The decarbonisation of the heating and cooling sector is moving to the forefront of the debate on EU’s climate and energy ambitions, with several voices, most notably MEP José Blanco López, Rapporteur on the Renewable Energy Directive, asking for more investments in renewable heating and cooling to stay in line with the targets set by the Paris Agreement. At the EURACTIV event “The Clean Energy Package: Towards a Smart and Sustainable Heat Market”, several views were expressed on how best to achieve this aim.
The European Geothermal Energy Council (EGEC) has now released a policy paper assessing the current European Commission’s energy modelling, used to generate forecasts that serve as a basis for policy proposals and policy making.

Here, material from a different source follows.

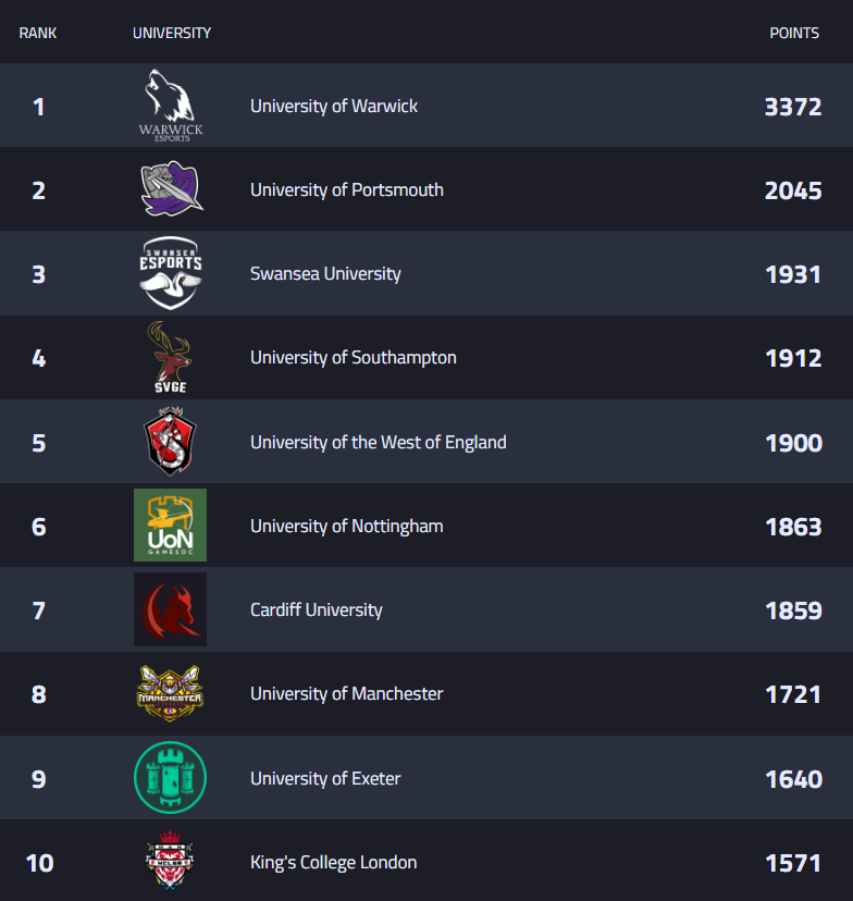 All games are now finished and the points have been totalled. A record number of 117 universities entered the battle to be crowned Esports University of the Year but only one can claim the crown.

The resulting analysis shows a lack of robustness in the Commission’s forecasts for the heating and cooling sector, which translates in a lack of ambition, in the initial Commission’s proposal, for the future of the renewable heating and cooling (RES-HC) sector.
Mr Blanco López’s proposal presented in his draft report - calling for increasing the share of renewables in energy supplied for heating and cooling by 2 percentage point per year between 2020 and 2030, as binding measure for Member States - is a welcome improvement that would allow for an accelerated development of the RES-HC sector. Among the new measures introduced by the Rapporteur, there are several flexibility mechanisms that would allow Member States to achieve this ambitious goal in a more cost-efficient way.

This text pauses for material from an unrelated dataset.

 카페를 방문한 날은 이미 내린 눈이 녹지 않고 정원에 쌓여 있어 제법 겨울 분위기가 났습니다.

EGEC understands the need for flexibility in the decarbonisation of the heating and cooling sector, as local resources – or existing shares of renewable – vary greatly. It believes that Member States with high penetration rates of renewables in heating and cooling should not be overburdened, but should instead focus their efforts on other sectors where they may be more effective. On the other side, the binding provision proposed by the Rapporteur would be an important incentive for Member States where heating and cooling is still dominated by fossil fuels, since heating and cooling is the largest segment of the energy system and its decarbonisation is therefore a fundamental requirement to comply with the Paris Agreement.